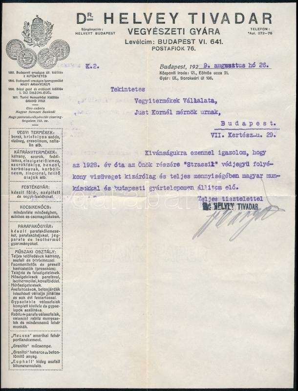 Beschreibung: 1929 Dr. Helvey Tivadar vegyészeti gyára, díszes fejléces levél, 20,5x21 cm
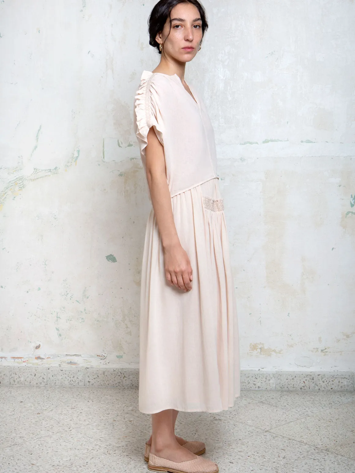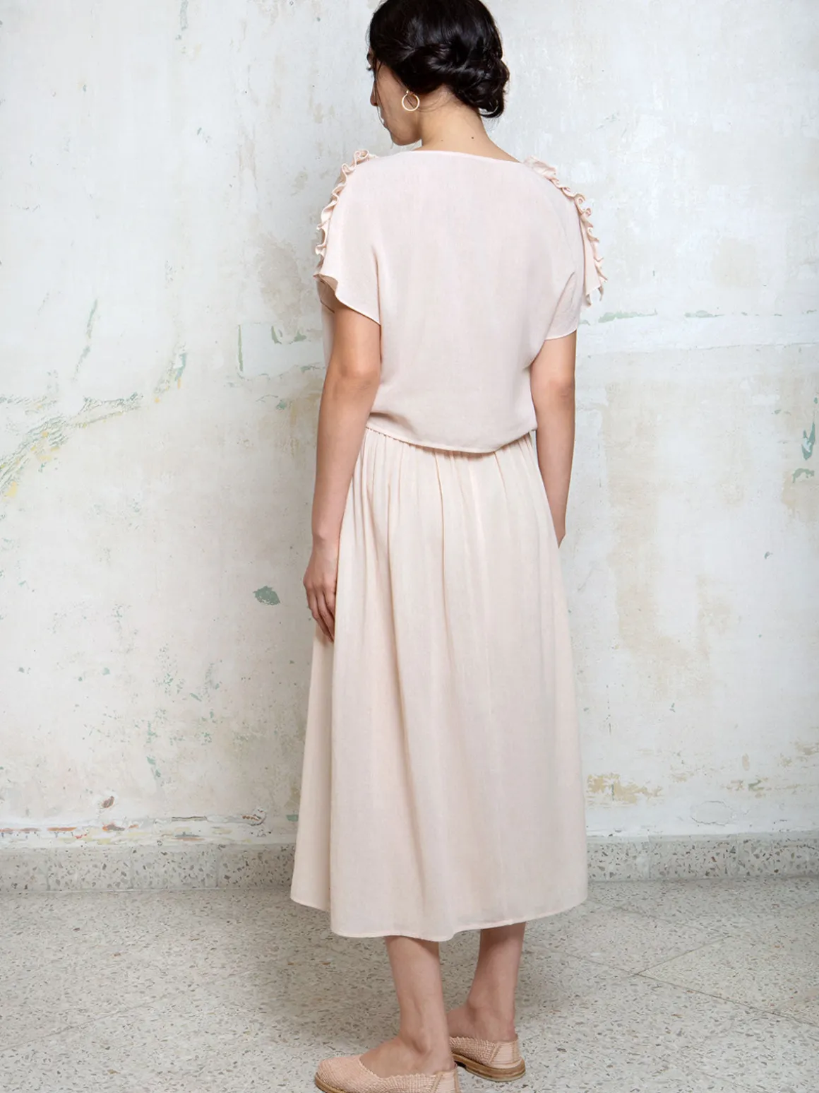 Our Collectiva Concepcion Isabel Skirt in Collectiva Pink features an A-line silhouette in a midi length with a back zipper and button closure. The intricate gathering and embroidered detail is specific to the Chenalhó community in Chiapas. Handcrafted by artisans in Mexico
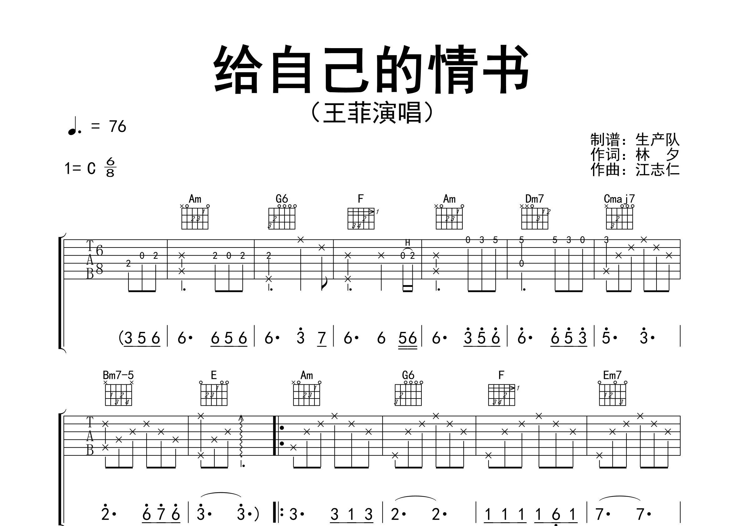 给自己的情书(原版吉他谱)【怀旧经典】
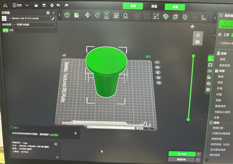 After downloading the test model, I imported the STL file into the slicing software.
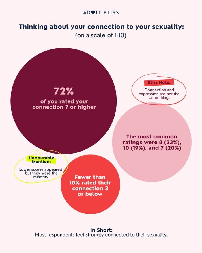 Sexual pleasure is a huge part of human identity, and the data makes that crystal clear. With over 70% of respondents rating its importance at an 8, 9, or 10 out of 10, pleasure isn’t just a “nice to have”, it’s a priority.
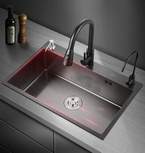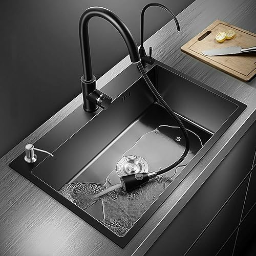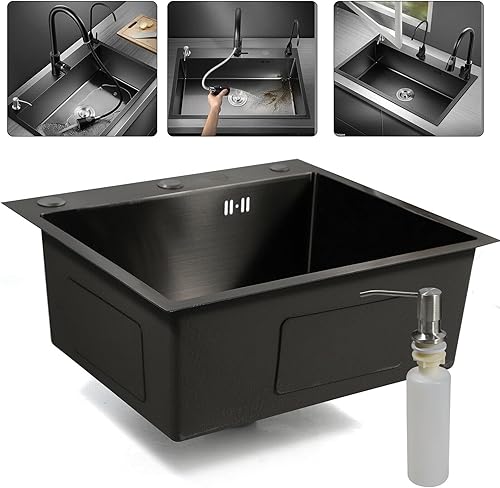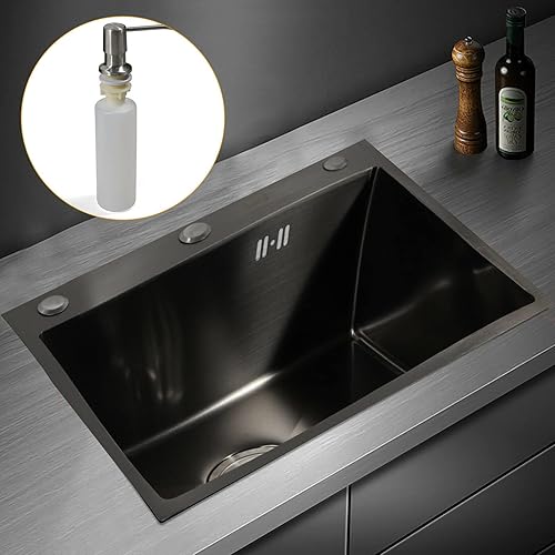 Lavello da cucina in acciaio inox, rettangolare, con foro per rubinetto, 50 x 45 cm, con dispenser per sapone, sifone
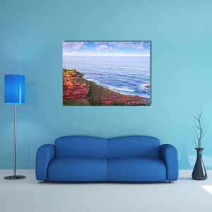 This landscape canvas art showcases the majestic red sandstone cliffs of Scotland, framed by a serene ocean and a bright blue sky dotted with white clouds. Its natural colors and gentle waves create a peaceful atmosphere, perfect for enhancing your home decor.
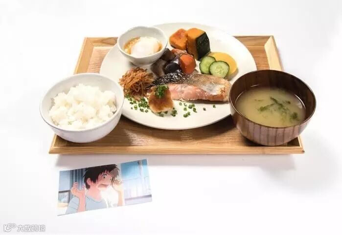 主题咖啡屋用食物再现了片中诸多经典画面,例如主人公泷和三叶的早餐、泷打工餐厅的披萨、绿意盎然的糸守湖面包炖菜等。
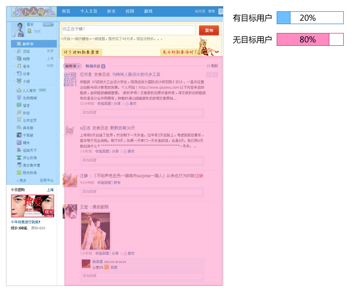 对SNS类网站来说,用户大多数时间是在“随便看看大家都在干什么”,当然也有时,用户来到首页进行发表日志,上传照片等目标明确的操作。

*TASK DETAILS*
Repeat the lines of the records verbatim, starting at the line containing "给自己的情书(原版吉他谱)【怀旧经典】" and stopping after the final line. Images stay out.

*TASK SOLUTION*
 给自己的情书(原版吉他谱)【怀旧经典】
 After downloading the test model, I imported the STL file into the slicing software.
 Sexual pleasure is a huge part of human identity, and the data makes that crystal clear. With over 70% of respondents rating its importance at an 8, 9, or 10 out of 10, pleasure isn’t just a “nice to have”, it’s a priority.
 Lavello da cucina in acciaio inox, rettangolare, con foro per rubinetto, 50 x 45 cm, con dispenser per sapone, sifone
 This landscape canvas art showcases the majestic red sandstone cliffs of Scotland, framed by a serene ocean and a bright blue sky dotted with white clouds. Its natural colors and gentle waves create a peaceful atmosphere, perfect for enhancing your home decor.
 主题咖啡屋用食物再现了片中诸多经典画面,例如主人公泷和三叶的早餐、泷打工餐厅的披萨、绿意盎然的糸守湖面包炖菜等。
 对SNS类网站来说,用户大多数时间是在“随便看看大家都在干什么”,当然也有时,用户来到首页进行发表日志,上传照片等目标明确的操作。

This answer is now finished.